Using SUA is the general advice. However, most malware drops files in UserSpace, and there are many methods to get persistence. The most prevalent is via the RUN registry key (no process elevation). Of course, blocking the creation of scheduled tasks can help too. However, such restrictions can be inconvenient for many users and cannot cover all the numerous possibilities. It is better to prevent running such malware than trying to catch many possible ways of compromising the system. Using MD with MAX settings can be much more convenient than 100 policies.

removed write access for standard users for sensitive registry keys in HKCU, which I could not protect with group policy. So long ago I forgot (also because I am using Linux now). I used the list of a freeware program which specialized in protecting (auto)run keys (forgot its name).

 

[Andy Ful]

Let's go back to the real world.

Although such samples as in the OP can happen, the chances of that are very, very small.
Such invasive attacks (one-click malware) are not so prevalent, probably less than 1% of malware in the wild, and usually can happen in targeted attacks. About 90% of malware can be prevented by good anti-phishing and anti-malware protection in the web browser. About 70% of one-click malware that could bypass web browser protection can be detected by AVs.
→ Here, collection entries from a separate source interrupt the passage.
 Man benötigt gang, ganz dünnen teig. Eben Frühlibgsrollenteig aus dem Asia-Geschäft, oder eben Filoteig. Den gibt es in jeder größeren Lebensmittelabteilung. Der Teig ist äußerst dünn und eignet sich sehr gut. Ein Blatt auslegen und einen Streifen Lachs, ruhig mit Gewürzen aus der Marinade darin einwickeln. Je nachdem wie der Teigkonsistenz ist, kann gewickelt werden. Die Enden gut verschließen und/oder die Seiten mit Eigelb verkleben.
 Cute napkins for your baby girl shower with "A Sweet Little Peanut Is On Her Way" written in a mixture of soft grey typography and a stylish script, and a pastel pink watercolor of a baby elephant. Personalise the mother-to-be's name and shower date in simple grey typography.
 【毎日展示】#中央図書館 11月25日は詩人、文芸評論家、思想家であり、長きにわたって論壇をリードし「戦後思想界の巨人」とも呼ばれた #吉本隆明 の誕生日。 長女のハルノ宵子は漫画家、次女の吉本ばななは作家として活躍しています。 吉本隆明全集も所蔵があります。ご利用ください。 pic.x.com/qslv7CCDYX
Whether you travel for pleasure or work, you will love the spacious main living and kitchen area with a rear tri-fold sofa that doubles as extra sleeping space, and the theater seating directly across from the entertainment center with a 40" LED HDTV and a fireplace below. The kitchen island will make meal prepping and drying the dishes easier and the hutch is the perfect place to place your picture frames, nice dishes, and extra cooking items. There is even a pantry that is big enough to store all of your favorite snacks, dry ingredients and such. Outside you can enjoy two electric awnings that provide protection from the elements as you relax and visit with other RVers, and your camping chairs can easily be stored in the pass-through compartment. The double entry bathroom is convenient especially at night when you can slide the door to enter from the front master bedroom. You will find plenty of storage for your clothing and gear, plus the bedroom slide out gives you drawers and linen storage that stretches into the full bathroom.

So the chances of infections are roughly:

1/100 * 1/10 * 30/100 = 3/10000

There is no need to be paranoid about it.

Edit.
I included in calculations that such attacks must also bypass SmartScreen (by using a shortcut with LOLBin).

 

[Parkinsond]

robably less than 1% of malware in the wild

Makes sense; when trying to demo a scenario of MD breach, I will not use a prevalent malware representing 80% of the "in-the-wild".

 

[Jonny Quest]

Makes sense; when trying to demo a scenario of MD breach, I will not use a prevalent malware representing 80% of the "in-the-wild".
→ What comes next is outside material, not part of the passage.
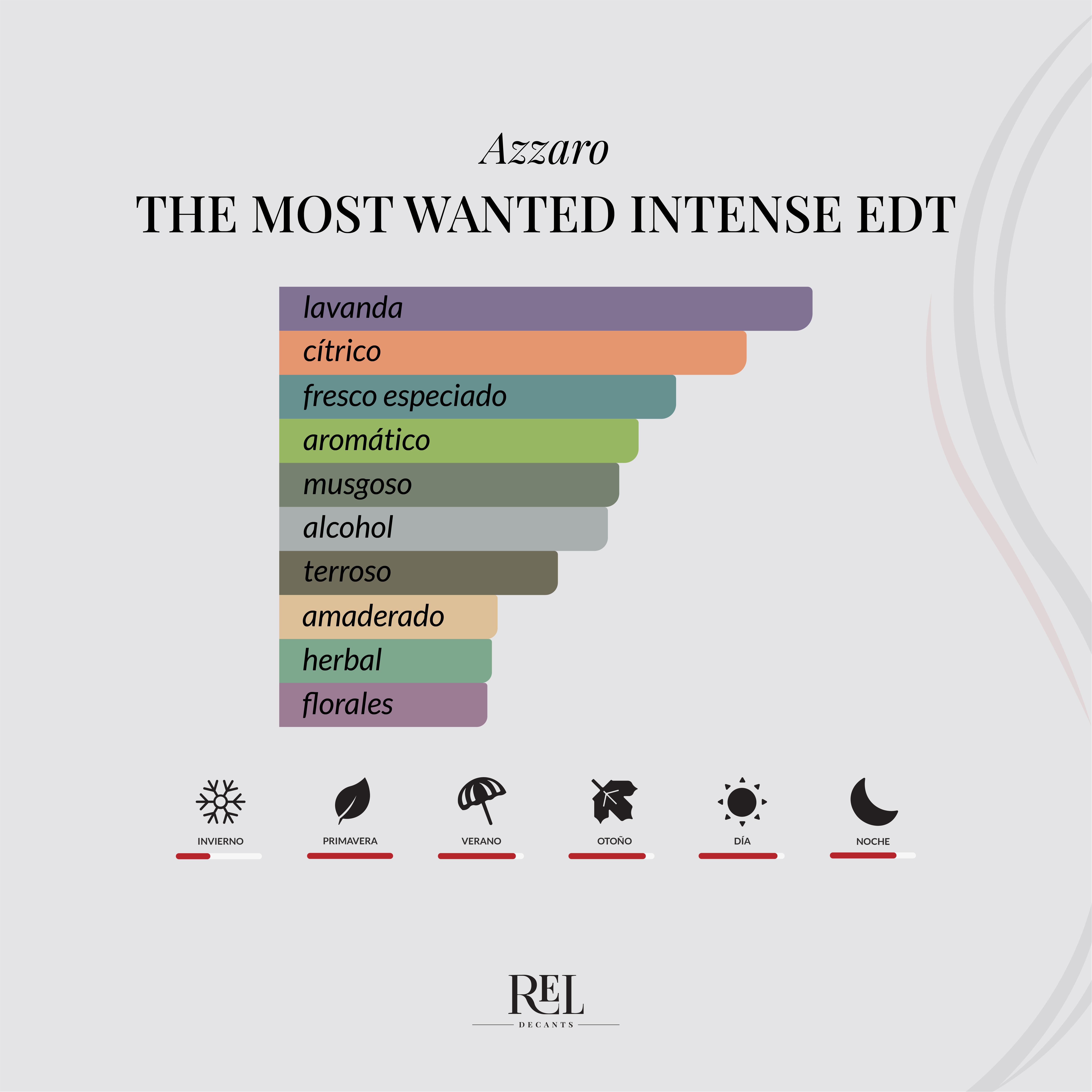 The Most Wanted EDT Intense de Azzaro es una fragancia aromática fougère ambarada masculina, lanzada en 2024, que destaca por su perfil fresco, dulce y moderno, con una vibra seductora pero más versátil que otras versiones de la línea. Es una opción ideal para quienes buscan un perfume equilibrado entre frescura y dulzor.

I agree, scenarios like these are usually extreme situations, extreme malware, extreme samples, most of us will never run into or experience in our daily lives.
But, it makes for great debate

 

[Andy Ful]

Makes sense; when trying to demo a scenario of MD breach, I will not use a prevalent malware representing 80% of the "in-the-wild".

The "demo" was also prepared to bypass SmartScreen (the MotW was removed from files). However, even with MotW, the shortcut can be prepared to bypass SmartScreen in the attack. That is why such attacks gained some popularity.
The video cannot be taken as a real-world attack, but rather as a part of it, focused strictly on bypassing the AV detection engines. I used a quite similar scenario in my series on "AV challenge".

 

[Parkinsond]

shortcut can be prepared to bypass SmartScreen in the attack

The safest way to deal with shortcuts is to block LNK with SRP.
If I let LNK to launch, it will depend on the chance of blocking the consequent files by the available tools, which might not be good all the time.

 

[Parkinsond]

But, it makes for great debate

If debate is "decent", it is more than welcome; good debate creates good knwoledge.

 

[rashmi]

Panic erupted when @cruelsister's "BEAR" bomb went off... Everyone's frantically searching for the defuse button—PAWS the unBEARable chaos... HUG COMODO!